Udany debiut beniaminka w pierwszej kolejce Ekstraklasy
Lepszego rozpoczęcia występów w Ekstraklasie piłkarze Miedzi Legnica nie mogli sobie wyobrazić. Beniaminek pokazał innym zespołom, jak należy wchodzić do najwyższych ligowych rozgrywek w Polsce.
Dla legniczan był to historyczny dzień, gdyż po raz pierwszy mieli okazję zmierzyć się na tak wysokim poziomie. Mimo że pogoda nie sprzyjała, to gra w dużym upale nie wpłynęła negatywnie na postawę zawodników, którzy idealnie gospodarowali energią w tym spotkaniu. Dla Pogoni Szczecin rywalizacja w Ekstraklasie to już rutyna, dlatego bez większego stresu zaczęli otwierać swoją grę.
Miedziowi początkowo z dużą rezerwą raczej przyglądali się temu, jak grają goście. Gdy pierwsze emocje już opadły w szeregach legniczan, zaczęli wyłaniać się poszczególni zawodnicy, którzy starali się dotrzymać kroku przyjezdnym. Podopieczni Kosty Runjaicia nie zlekceważyli przeciwnika i po kilkunastu minutach mieli na swoim koncie parę groźnych akcji. Gospodarze również coraz śmielej zaczęli zbliżać się do pola karnego Portowców. Gdyby beniaminek miał więcej szczęścia, to już w pierwszej połowie mogliby uzyskać prowadzenie. Jednak zabrakło precyzyjnego wykończenia strzału.

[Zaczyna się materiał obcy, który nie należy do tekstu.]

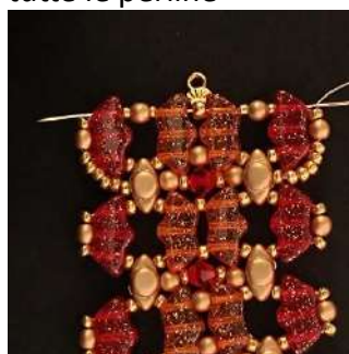
51) Passare attraverso tutte le perline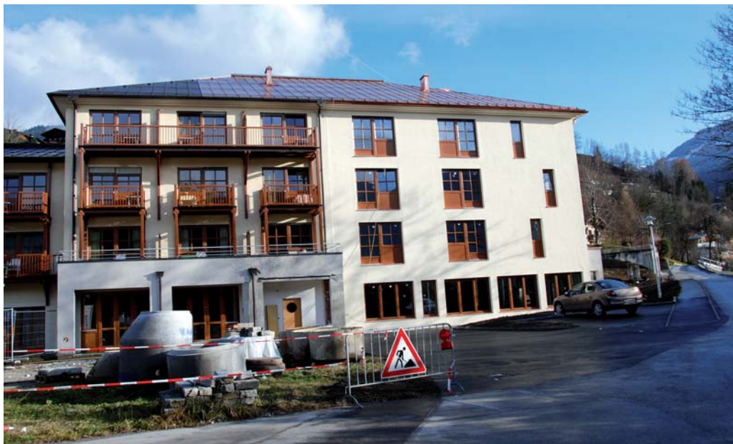
Kräftig investiert wird in den Erweiterungsbau des Seniorenheimes.

Im außerordentlichen Haushalt schlägt sich der Zubau des Seniorenheimes am stärksten zu Buche. € 2,5 Millionen werden dafür im neuen Jahr veranschlagt. Der südseitige Zubau ist bis auf den Innenausbau (Deckenbau, Maler-, Fliesen- und Bodenlegerarbeiten) fertig gestellt. Laut Zeitplan sollen die neuen Zimmer in diesem Bereich im Februar 2010 bezugsfertig sein. Die Arbeiten an der Außenanlage wurden noch im November abgeschlossen. Der Rohbau des neuen Haupteingangsbereiches wurde bereits errichtet. Im Winter können der Ausbau und die Innenadaptierungen vorgenommen werden.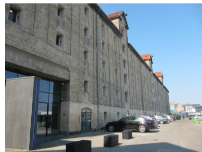
Det store pakhuis yderst på kajen.

I 1763 manglede man et større pakhuis til opmagasinering af varer fra Island, Færøerne og Finmarken. Det nye pakhuis blev opført under ledelse af arkitekten J.C.Conradi. Conradi havde omkring 1750 ledet opførelsen af Eigtveds Pakhus i Strandgade og i 1760 det nærliggende Wilders Pakhus. I 1767 blev tagets tømmerkonstruktion rejst og bygningsarbejdet endeligt afsluttet senere på året.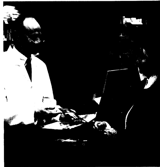
Pharmazeutische Betreuung bundesweit in den Apotheken zu etablieren, gehört zu den Zielen der Förderinitiative Pharmazeutische Betreuung. Seite 24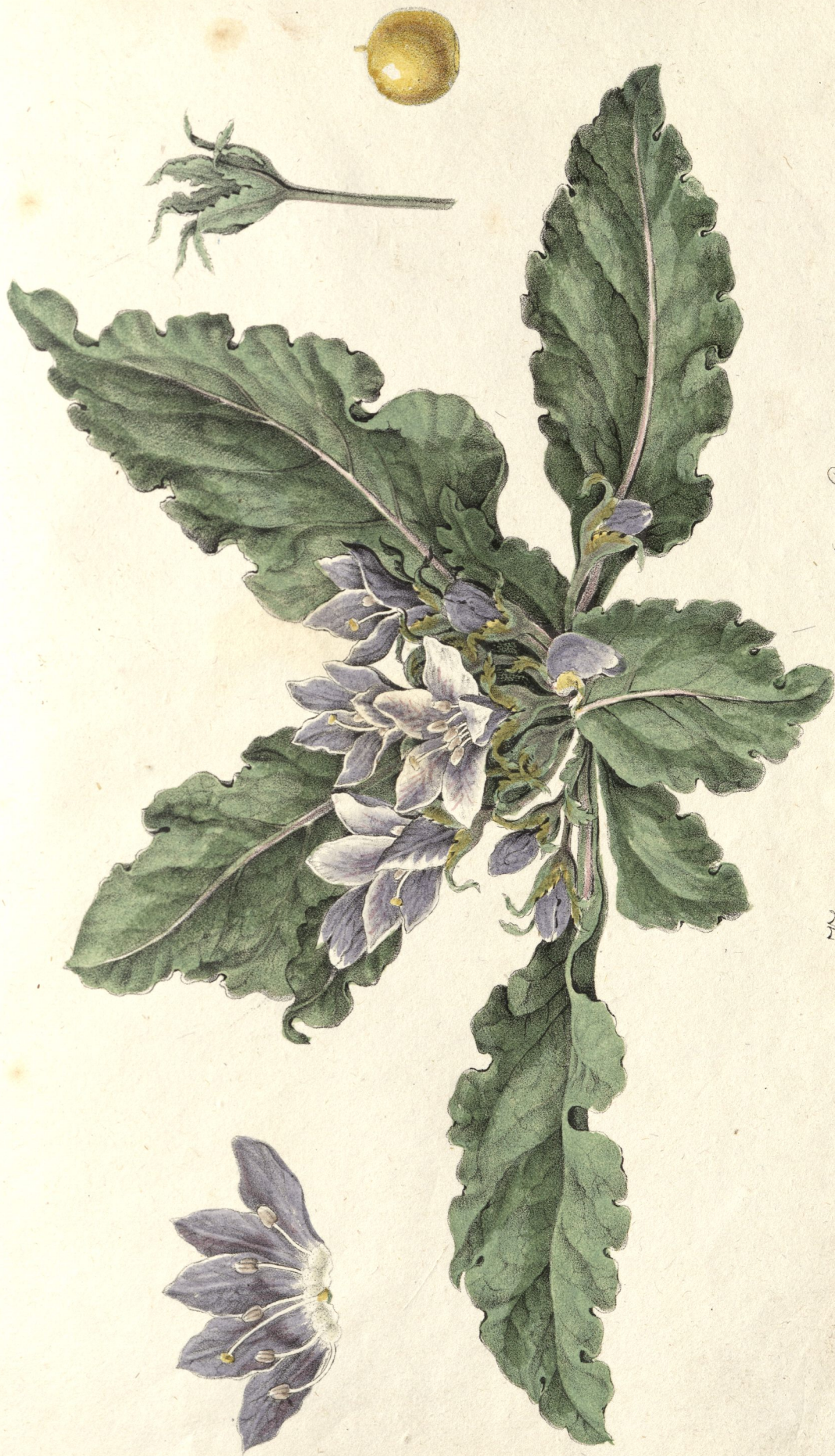
Mandragora microcarpa Bert. Com.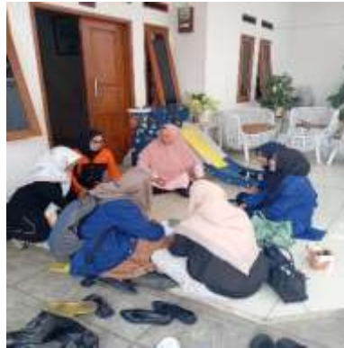
Gambar 2. Sosialisasi Program Kang Fisman Kepada Warga

Kelurahan Cipamokolan, meski masih perlu ditingkatkan untuk mencapai target pengurangan sampah yang lebih optimal. Hasil ini sejalan dengan penelitian Yuanita (2020) bahwa edukasi langsung dan fasilitas pendukung mampu meningkatkan partisipasi pemilahan. Namun capaian di Cipamokolan masih lebih rendah (26, 64%) dibandingkan studi di Sukaluyu yang mencapai > 40% partisipasi menunjukkan perlunya strategi. (Yunita at al, 2022).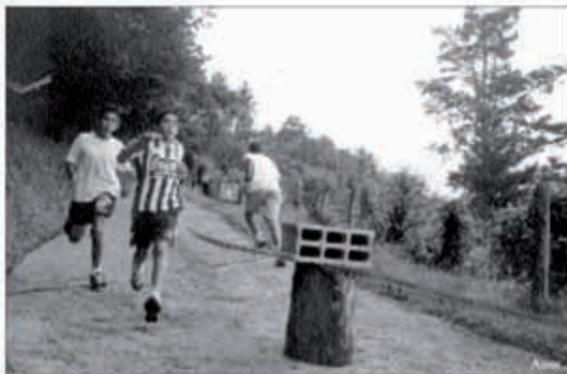
Orain arte krosa bertze atletismo kirolik ez zuten egiten ahal Berako gazteek.

Aspacek egoitza ireki nahi du Beran Etxe funtzionala deitzen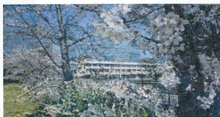
圧巻のモザイクアート作品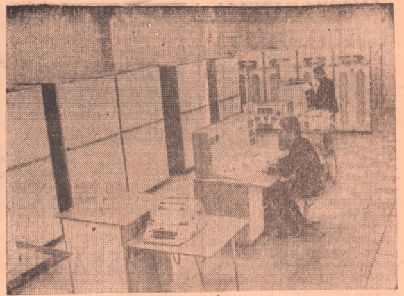
На Южуралмашзаводе полным ходом идет монтаж и наладка электроно-вычислительной машины «Минск-22». НА СНИМКЕ: специалисты вычислительного центра завода ведут отладку отдельных блоков машины.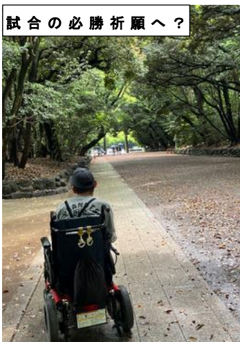
試合の必勝祈願へ？

小雨のため、この後、観光には行かず2軍観戦。(野球がお好きな気持ちで観戦。有名選手を間近に見られて喜んでいらつしやいました。)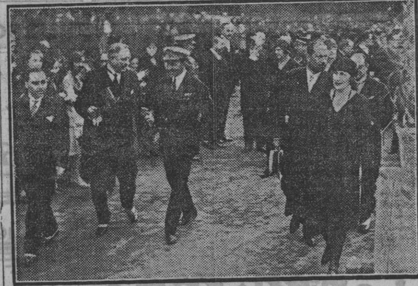
SS. MM. los Reyes durante la inauguración del pabellón de Teléfonos en Exposición Ibero-Americana.

Grupo de asistentes al almuerzo con que fueron obsequiados los periodistas extranjeros.

Zdecydowanie mniej cierpliwości w oczekiwaniu na bramkę miał trener Pogoni, który w 46. Minucie podjął decyzję o zdjęciu Sebastiana Kowalczyka w miejsce, którego wszedł Zvonimir Kozulij. Również szkoleniowiec Miedzi postanowił zmienić trochę układ na boisku, dając szansę Forsellowi oraz Fabianowi Piaseckiemu. Jak się później okazało, było to bardzo dobre posunięcie. Gdy już wydawało się, że kibice będą świadkami bezbramkowego remisu, do akcji wkroczył Petteri Forsell. 27-letni Finlandczyk celnie wycelował w światło bramki i w doliczonym czasie dał prowadzenie swojej drużynie.
Gdyby nie zdobyty gol, debiutanci Ekstraklasy mogliby zaliczyć to spotkanie najwyżej do poprawnych. Polskie Zakłady Bukmacherskie nie wskazywały na takie rozpoczęcie. Na szczęście dla nich w końcówce swoje umiejętności zaprezentował pomocnik reprezentacji Finlandii. Natomiast po stronie gości było widać zaangażowanie, niestety w najważniejszym momencie zawiodła obrona, która zlekceważyła to, że do pola karnego zbliża się przeciwnik.
Przed rozpoczęciem tego spotkania dużo osób zastanawiało się, czy piłkarze Miedzi nie przestraszą się gry w Ekstraklasie. Udźwignięcie presji takiego meczu nieraz kończyło się dużym płaczem innych drużyn, tymczasem Miedziowi weszli w rywalizację, jakby był to dla nich przynajmniej drugi sezon w lidze. Największy sprawdzian czeka ich z czołowymi klubami, które na pewno będą chciały pokazać swoją dominację.
Zawodnicy Pogoni mieli swoje szanse, ale podobnie jak to bywało w ubiegłym sezonie, nawet stuprocentowe sytuacje potrafili koncertowo zepsuć. Mimo że szukali okazji do zdobycia bramki, to gdy na zegarze pokazywało się coraz mniej minut do gwizdka sędziego, wyglądali, jakby remis był dla nich satysfakcjonujący. Nie zdołali tylko przewidzieć, że po drugiej stronie boiska jest drużyna głodna zwycięstw, która chce jak najlepiej prezentować się w lidze.